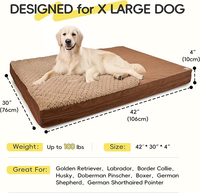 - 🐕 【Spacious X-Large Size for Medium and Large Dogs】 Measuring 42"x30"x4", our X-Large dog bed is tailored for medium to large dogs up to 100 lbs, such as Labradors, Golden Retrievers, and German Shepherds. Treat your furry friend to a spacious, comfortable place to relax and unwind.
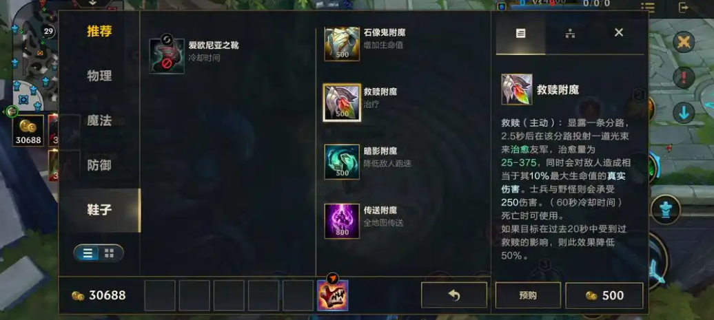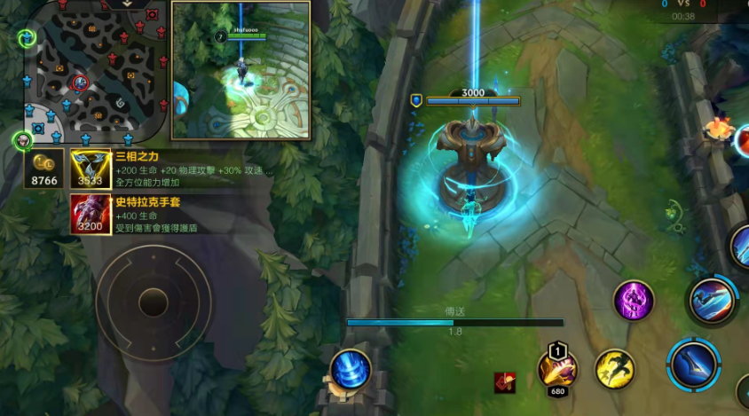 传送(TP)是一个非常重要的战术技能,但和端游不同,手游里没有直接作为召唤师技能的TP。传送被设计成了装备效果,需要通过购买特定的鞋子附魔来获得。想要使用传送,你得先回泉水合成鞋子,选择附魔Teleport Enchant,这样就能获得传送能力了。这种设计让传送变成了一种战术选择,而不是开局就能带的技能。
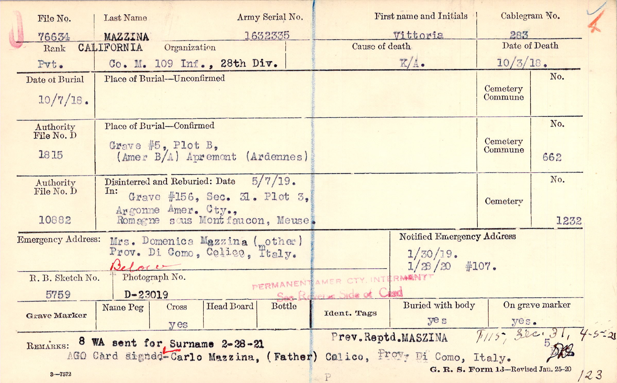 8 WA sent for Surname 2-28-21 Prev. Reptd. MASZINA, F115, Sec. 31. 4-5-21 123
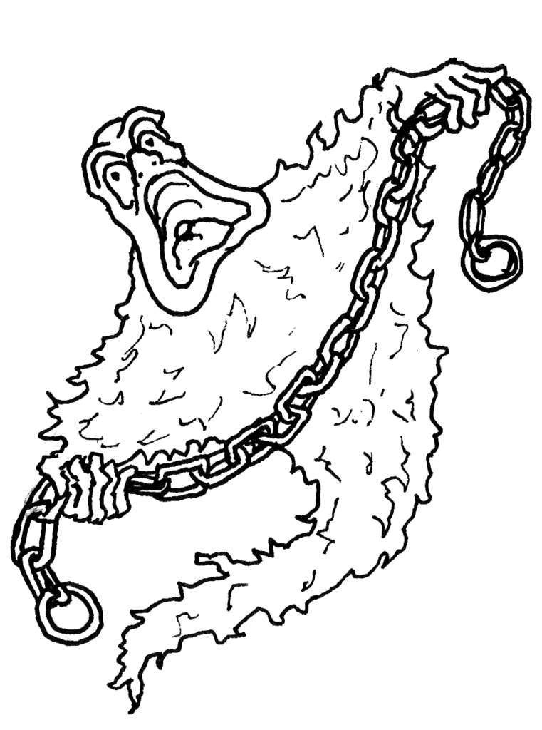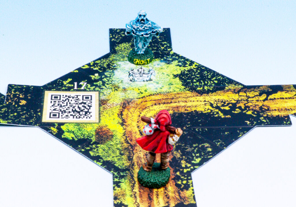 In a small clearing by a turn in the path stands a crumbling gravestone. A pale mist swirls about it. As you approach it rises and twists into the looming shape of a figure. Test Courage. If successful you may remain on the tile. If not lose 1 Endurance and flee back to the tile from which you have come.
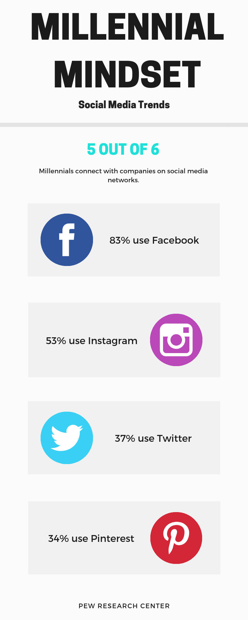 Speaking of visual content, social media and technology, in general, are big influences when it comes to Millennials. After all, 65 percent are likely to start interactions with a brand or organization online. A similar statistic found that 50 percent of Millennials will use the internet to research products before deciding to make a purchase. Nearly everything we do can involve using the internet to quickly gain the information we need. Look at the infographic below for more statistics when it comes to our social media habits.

--

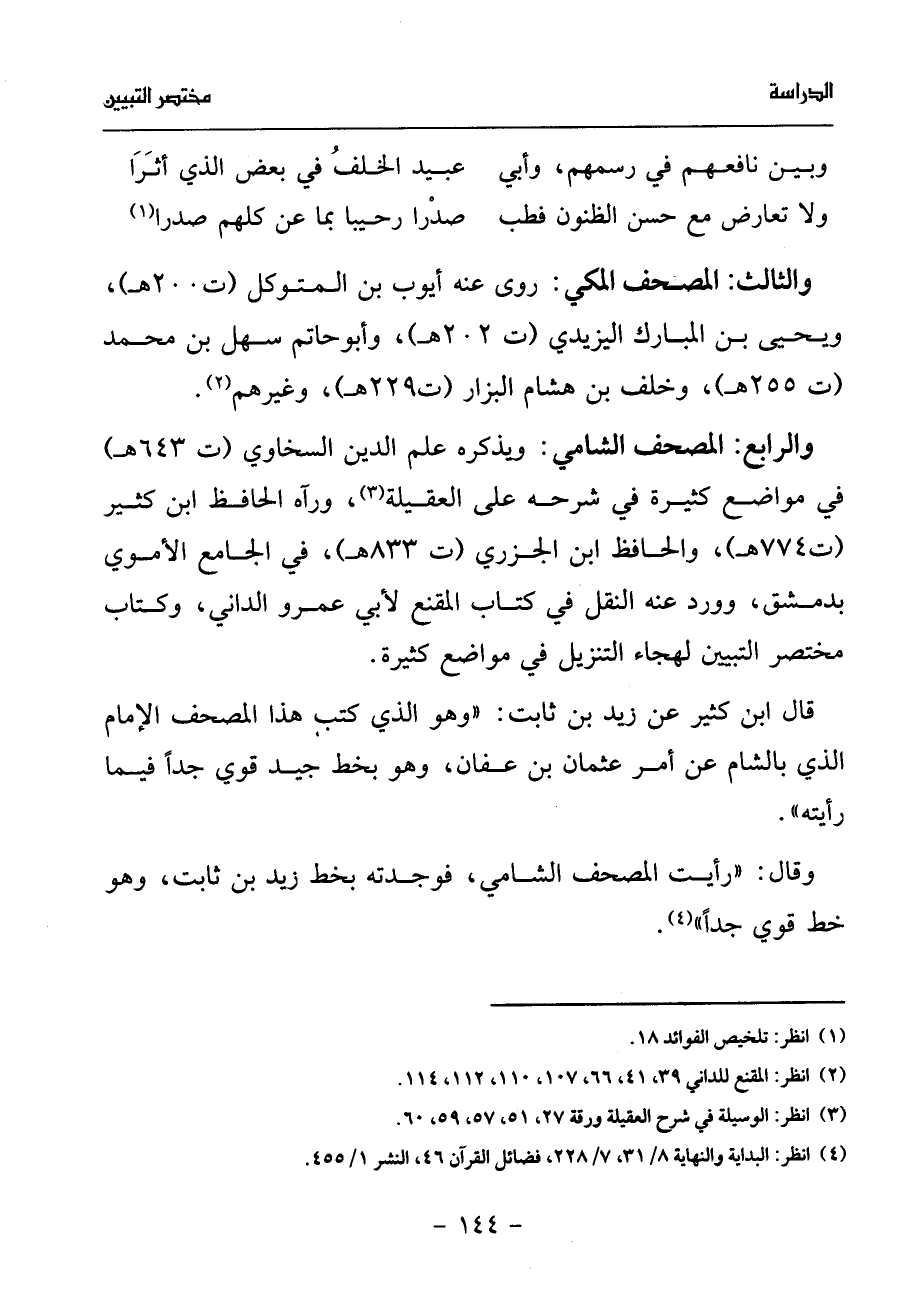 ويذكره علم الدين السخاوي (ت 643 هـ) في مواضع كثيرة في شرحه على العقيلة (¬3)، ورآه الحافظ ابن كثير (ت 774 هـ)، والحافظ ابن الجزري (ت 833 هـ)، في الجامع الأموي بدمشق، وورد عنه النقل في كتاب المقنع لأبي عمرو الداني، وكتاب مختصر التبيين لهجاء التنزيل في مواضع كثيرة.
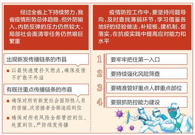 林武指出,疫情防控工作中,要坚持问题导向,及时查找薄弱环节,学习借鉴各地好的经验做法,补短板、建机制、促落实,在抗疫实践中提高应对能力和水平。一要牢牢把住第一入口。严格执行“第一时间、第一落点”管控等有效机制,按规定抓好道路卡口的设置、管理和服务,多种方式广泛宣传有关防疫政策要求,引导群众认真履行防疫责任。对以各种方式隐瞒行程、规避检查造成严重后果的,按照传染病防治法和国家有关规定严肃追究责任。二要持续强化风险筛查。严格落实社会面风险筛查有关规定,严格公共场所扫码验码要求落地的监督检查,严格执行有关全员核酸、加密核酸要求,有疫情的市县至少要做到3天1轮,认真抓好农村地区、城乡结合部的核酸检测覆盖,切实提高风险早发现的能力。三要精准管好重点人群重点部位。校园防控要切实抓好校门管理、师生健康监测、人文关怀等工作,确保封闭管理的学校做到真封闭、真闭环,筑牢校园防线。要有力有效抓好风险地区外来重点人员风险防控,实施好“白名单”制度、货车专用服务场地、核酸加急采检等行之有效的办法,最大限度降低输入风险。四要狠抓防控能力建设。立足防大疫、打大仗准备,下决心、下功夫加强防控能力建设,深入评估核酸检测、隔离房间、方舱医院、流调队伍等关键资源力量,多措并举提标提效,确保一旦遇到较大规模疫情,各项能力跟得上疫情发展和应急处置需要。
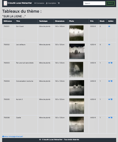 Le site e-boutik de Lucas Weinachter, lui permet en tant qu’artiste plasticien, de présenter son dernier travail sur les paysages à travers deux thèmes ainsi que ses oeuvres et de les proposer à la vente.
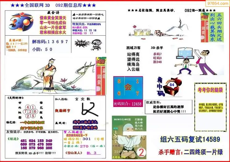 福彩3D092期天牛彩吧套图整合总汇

--

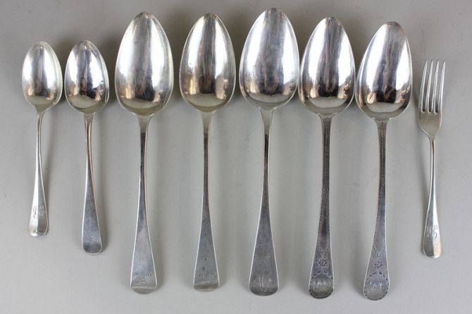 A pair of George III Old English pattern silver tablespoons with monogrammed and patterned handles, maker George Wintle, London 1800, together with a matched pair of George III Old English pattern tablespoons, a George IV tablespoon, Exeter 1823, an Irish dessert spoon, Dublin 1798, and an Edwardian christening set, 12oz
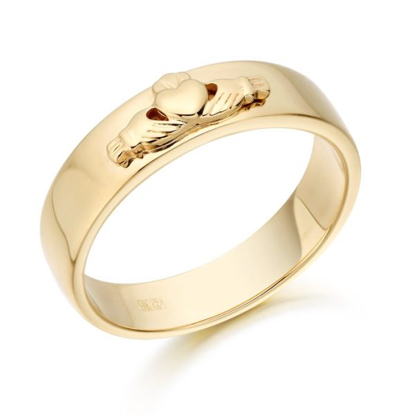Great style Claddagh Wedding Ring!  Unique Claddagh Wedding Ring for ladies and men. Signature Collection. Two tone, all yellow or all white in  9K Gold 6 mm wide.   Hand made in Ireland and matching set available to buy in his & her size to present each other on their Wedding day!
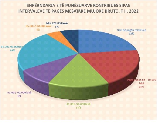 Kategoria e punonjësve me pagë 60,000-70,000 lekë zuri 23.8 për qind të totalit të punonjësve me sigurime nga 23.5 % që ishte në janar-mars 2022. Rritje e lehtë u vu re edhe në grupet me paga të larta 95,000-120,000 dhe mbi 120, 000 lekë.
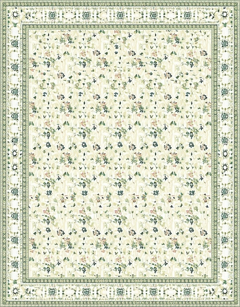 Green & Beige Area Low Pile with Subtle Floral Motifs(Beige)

Required work: Pictures aside, return exactly the lines from the data above, starting at the line that has "传送(TP)是一个非常重要的" and ending at the line that has "8 WA sent for", both included.

Task output:
 传送(TP)是一个非常重要的战术技能,但和端游不同,手游里没有直接作为召唤师技能的TP。传送被设计成了装备效果,需要通过购买特定的鞋子附魔来获得。想要使用传送,你得先回泉水合成鞋子,选择附魔Teleport Enchant,这样就能获得传送能力了。这种设计让传送变成了一种战术选择,而不是开局就能带的技能。
 8 WA sent for Surname 2-28-21 Prev. Reptd. MASZINA, F115, Sec. 31. 4-5-21 123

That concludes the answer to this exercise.